71,000,000 pounds?!? Are they sure they didn't miss a decimal point somewhere? I'd like to see an engineering article on how that thing withstands that much load.
Don't know about the Grand Canyon specifically. But in the bird books, they're not "sea gulls", they're "gulls", and they were pretty common in Colorado.
71 MILLION pounds?! Does anybody know what those beams are, or if that load is a major typo?
I did a quick calc because I'm bored at lunch: Assuming from those photos that the beams are 3ft x 6ft SOLID 50ksi steel, not dealing with self weight at all, and assuming the load is uniformly distributed, I get a max cantilever of about 10ft.
According to one website, a 747-200F has a max takeoff weight of 833000#. Of course I don't see where they are going to park 71 747's on that bridge and still have room for one fat tourist!
If you click on the video on the website listed at the top, you get a little bit of a feel of what the structure is like. The beams are 32" x 72" twin steel box beams in a horseshoe shape. The glass floor is 5 "plies" thick - 3 19 mm plies, an 8 mm ply, and a 6 mm ply.
They did actual wind speed collection at the top of the cliff and recorded speeds of 80 and 90 mph.
The video also talks about 71,000,000 pounds.
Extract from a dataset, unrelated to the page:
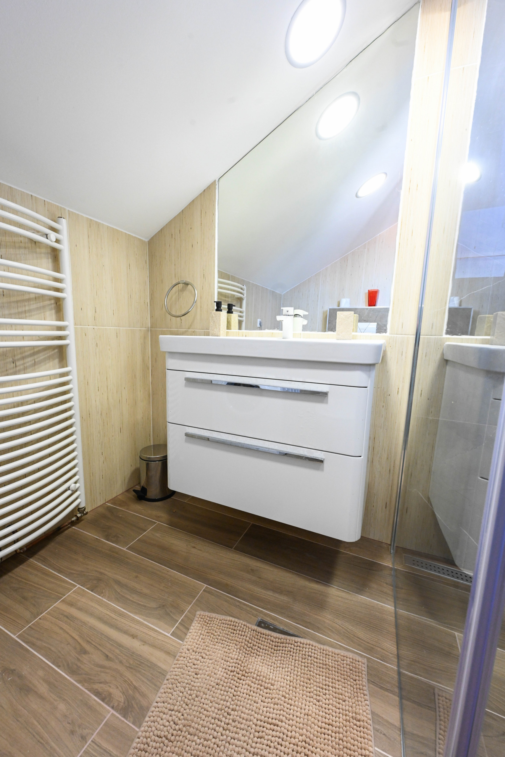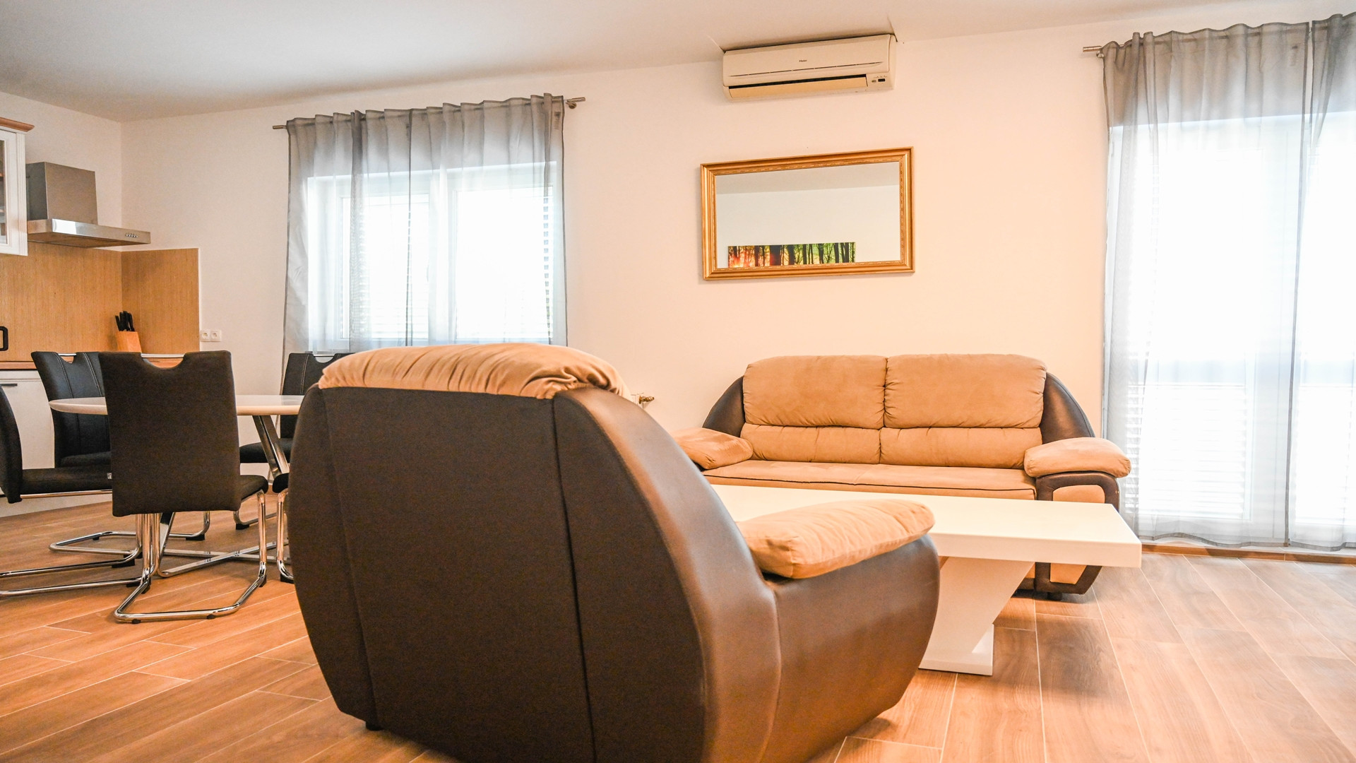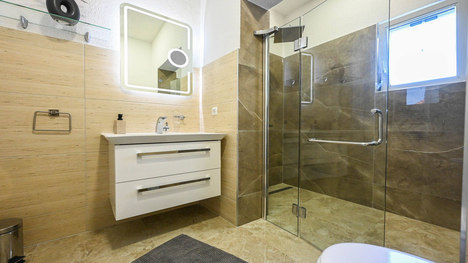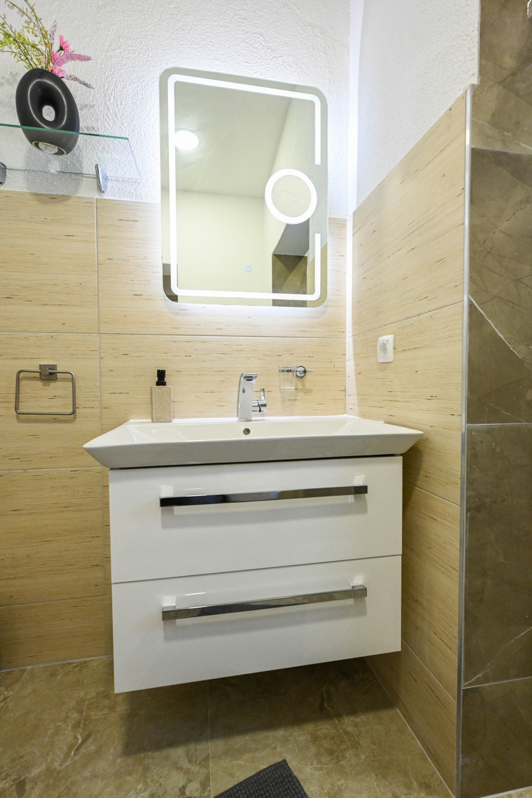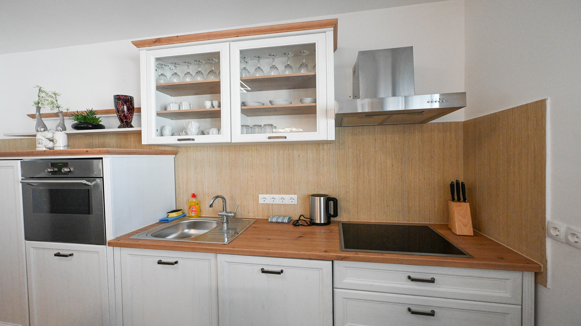 Wenn Sie sich im schönen Poolbereich vergnügen, schwimmen oder sonnenbaden, können Sie alle auf einer bezaubernden Terrasse im dalmatinischen Tavernendekor zusammenkommen. Gemeinsam Mahlzeiten zubereiten, mit Familie und Freunden speisen oder einfach abends in vertrauter Gesellschaft ein Glas Wein trinken – darum geht es.

I'm still not quite sure where they get that number, because according to that video the glass floor is good for a little more 100 psf. That would mean a walkway area of 710,000 square feet to get to 71,000,000 pounds. There is no way the structure itself could hold up that much weight.
Maybe the 71,000,000 is the theoretical load the foundation could withstand. The structure would fail long before you ever got to that load.
One of the earlier threads seem to indicate that the skywalk was built on land controlled by a Sovereign Nation. That would raise the question of what code was it required to meet and under what code was it actually designed.
If I went it would be before it had a chance to fatigue.